Dikcy menambahkan, pelaku SN (16) sudah diamankan. Sedangkan dua pelaku lainnya, yakni CA (16) dan DS (16), masuk Daftar Pencarian Orang (DPO) karena dua kali pemanggilan mereka tidak datang. Untuk barang bukti yang diamankan, di antaranya satu helai baju koko putih, satu helai sweater merah maroon dan satu seragam SMP warna biru.

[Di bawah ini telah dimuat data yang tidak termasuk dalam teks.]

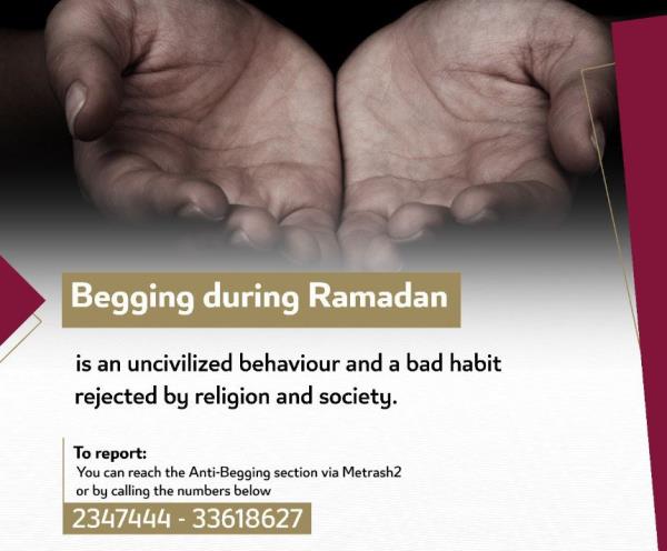 卡塔尔,多哈:内政部(MoI)再次呼吁报告全国乞讨事件,特别是在斋月期间。
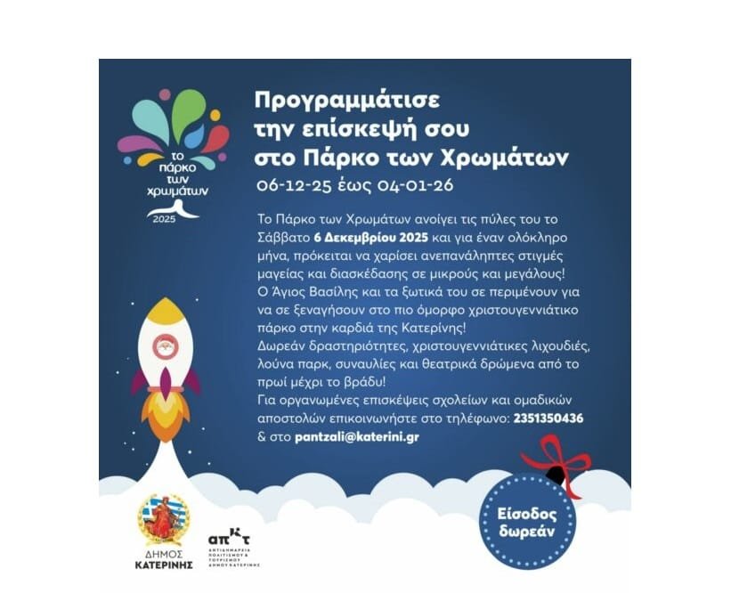 Το πάρκο των χρωμάτων 2025Προγραμμάτισε την επίσκεψή σου στο Πάρκο των Χρωμάτων06-12-25 έως 04-01-26. Το Πάρκο των Χρωμάτων ανοίγει τις πύλες του το Σάββατο 6

"Kami sudah memeriksa sepuluh teman pelaku dan korban sebagai saksi, karena saat duel terjadi mereka menyaksikan. Pelaku akan dikenakan Pasal 80 Ayat 3 UU Nomor 35 Tahun 2014 tentang Perlindungan Anak karena terhitung masih berstatus pelajar SMP. Tapi itu semua tergantung pengadilan," katanya.
Terpisah, Komisioner KPAI Bidang Pendidikan Retno Listyarti mengatakan, tarung ala gladiator tak terlepas dari pelajar yang mencari eksistensi diri. Mereka banyak mengaktualitasikan diri dengan berbagai cara. Salah satunya adu kekuatan fisik di kalangan pelajar. “Ya, sistem sekolah yang mengutamakan nilai dan akademik memang akan berpengaruh pada anak-anak tertentu yang butuh eksistensi,” ujarnya.
Selain itu, sambung Retno, lemahnya pengawasan keluarga, sekolah maupun masyarakat menjadi faktor yang bersinggungan. Retno menyampaikan, pertarungan yang menewaskan ARS berada di lingkungan rumah atau masyarakat.
“Ini kan terjadi di lingkungan masyarakat. Sebuah lapangan, tempat terbuka. Seharusnya orang tua peka melihat perilaku anak yang berubah. Masyarakat juga harus membubarkan perkumpulan dan segera melaporkannya ke polisi,” bebernya.
“Jangan cuek terhadap fenomena seperti ini. Sekolah dan guru seharusnya memiliki kepekaan pada anak-anak yang berpotensi terlibat tarung semacam ini, melihat kemungkinan senior dan alumni turut andil,” tuturnya.
Berita di media sosial juga menjadi pemicu bagi pelajar melakukan aksi gladiator. Seperti yang terjadi di Jawa Barat, aksi tarung ala gladiator sudah terjadi tiga kali. Yakni di Kota Bogor yang melibatkan siswa SMA yang menewaskan Hilarius, di Sukabumi yang melibatkan siswa SMP dan di Kabupaten Bogor. “Ini karena viral di media sosial dan ditiru pelajar lain,” katanya.